Further, the bottom end surface of the lifting moving plate is provided with a plurality of positioning grooves, and the positioning grooves are matched with the hinge balls in a one-to-one correspondence mode.

Further, the lifting assembly further comprises a lifting servo motor, a lifting screw nut assembly, a horizontal movement wedge block and a vertical movement wedge block;

the lifting servo motor is arranged on the rotating plate, an output shaft of the lifting servo motor is fixedly connected with a screw rod of the lifting screw rod nut assembly, a nut of the lifting screw rod nut assembly is fixedly connected with the horizontal movement wedge block, the inclined surface of the vertical movement wedge block is opposite to the inclined surface of the horizontal movement wedge block up and down, and when the lifting servo motor rotates along a first direction, the horizontal movement wedge block pushes the vertical movement wedge block to ascend; the hinge ball is arranged at the top end of the vertical movement wedge block.

Further, the lifting assembly further comprises a vertical guide assembly, wherein the vertical guide assembly comprises at least one vertical guide rail, and the vertical guide rail is fixedly arranged on the rotating moving plate; the vertical movement wedge block is provided with at least one chute, and the chute is correspondingly matched and spliced with the vertical guide rail.

Further, the number of the lifting components is three, and the three lifting components are at least distributed on two sides of the lifting moving plate.

Further, the rotary servo mechanism comprises an arc-shaped guide rail assembly, and the arc-shaped guide rail assembly is arranged between the base plate and the rotary moving plate;

the rotary servo mechanism further comprises a rotary servo motor, a rotary screw nut assembly and a rotary ejector rod, an output shaft of the rotary servo motor is fixedly connected with a screw in the rotary screw nut assembly, and a nut in the rotary screw nut assembly is fixedly connected with the rotary ejector rod;

when the rotary servo motor rotates along the first direction, the rotary ejector rod can be driven to push the rotary moving plate to rotate by taking the central shaft of the arc-shaped guide rail assembly as an axis.

Further, the number of the arc-shaped guide rail assemblies is two, and the two groups of the arc-shaped guide rail assemblies are coaxially arranged.

Further, the servo adjustment system further comprises a return spring, one end of the return spring is connected with the base plate, and the other end of the return spring is connected with the rotating plate;

when the rotary servo motor rotates along the first direction, the rotary moving plate overcomes the elastic force of the return spring and rotates; when the rotary servo motor rotates in a second direction, the return spring returns the rotary moving plate, and the second direction is opposite to the first direction.

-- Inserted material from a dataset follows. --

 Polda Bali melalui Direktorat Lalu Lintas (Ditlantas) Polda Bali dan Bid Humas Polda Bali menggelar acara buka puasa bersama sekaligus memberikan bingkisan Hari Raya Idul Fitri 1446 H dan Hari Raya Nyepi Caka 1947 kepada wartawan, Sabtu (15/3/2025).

Further, the number of the reset springs is two, the two reset springs are arranged along the diagonal line of the rotary moving plate, and when the rotary ejector rod pushes the rotary moving plate to rotate, the reset springs stretch.

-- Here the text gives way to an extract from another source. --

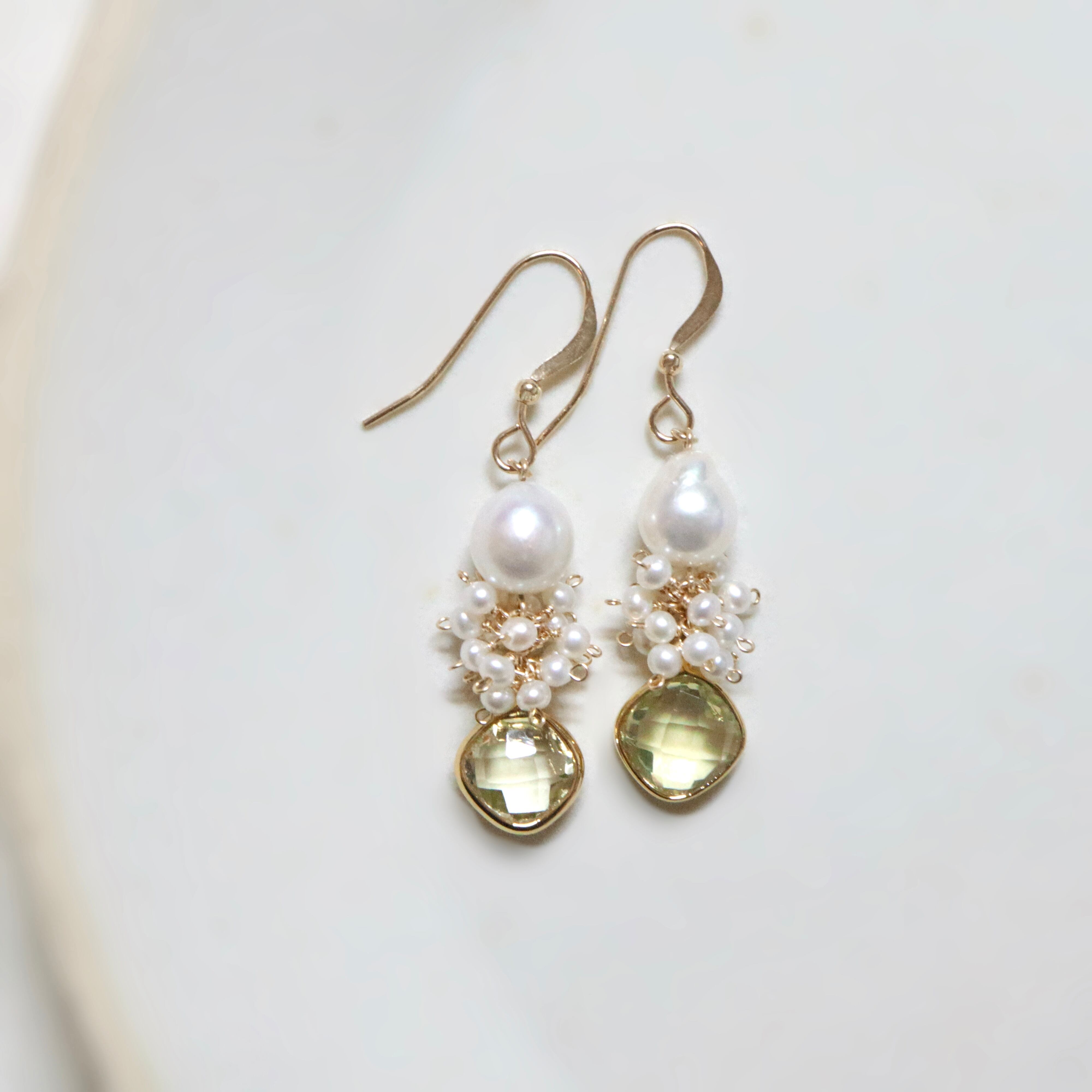 mermaid bloom earrings/White×Lemon quartz

The servo adjustment system provided by the application has the following beneficial effects:

when the servo adjustment system provided by the application is used, the optical component is arranged on the lifting moving plate, and the lifting moving plate and the optical component on the lifting moving plate are arranged on the lifting servo mechanism together, so that the angle of the optical component can be adjusted by driving the rotary moving plate to rotate through the rotary servo mechanism, the flatness of the optical component can be adjusted by driving the lifting moving plate to lift through the lifting servo mechanism, and the lifting moving plate is arranged on the lifting servo mechanism, so that the lifting moving plate can be taken and placed very conveniently and quickly. The servo adjustment system provided by the application can realize electric leveling focusing of the optical component, is very convenient to take and place, reduces the operation difficulty of operators, and can improve the precision and efficiency of leveling focusing.

Drawings

In order to more clearly illustrate the embodiments of the present application or the technical solutions in the prior art, the drawings that are required to be used in the embodiments or the description of the prior art will be briefly described below, and it is obvious that the drawings in the following description are only embodiments of the present application, and that other drawings can be obtained according to the provided drawings without inventive effort for a person skilled in the art.

FIG. 1 is a schematic three-dimensional structure of a servo adjustment system according to the present application;

FIG. 2 is an enlarged schematic view of the structure shown at A in FIG. 1;

FIG. 3 is a schematic diagram of a servo adjustment system according to a second embodiment of the present application;

fig. 4 is an enlarged schematic view of the structure at B in fig. 3.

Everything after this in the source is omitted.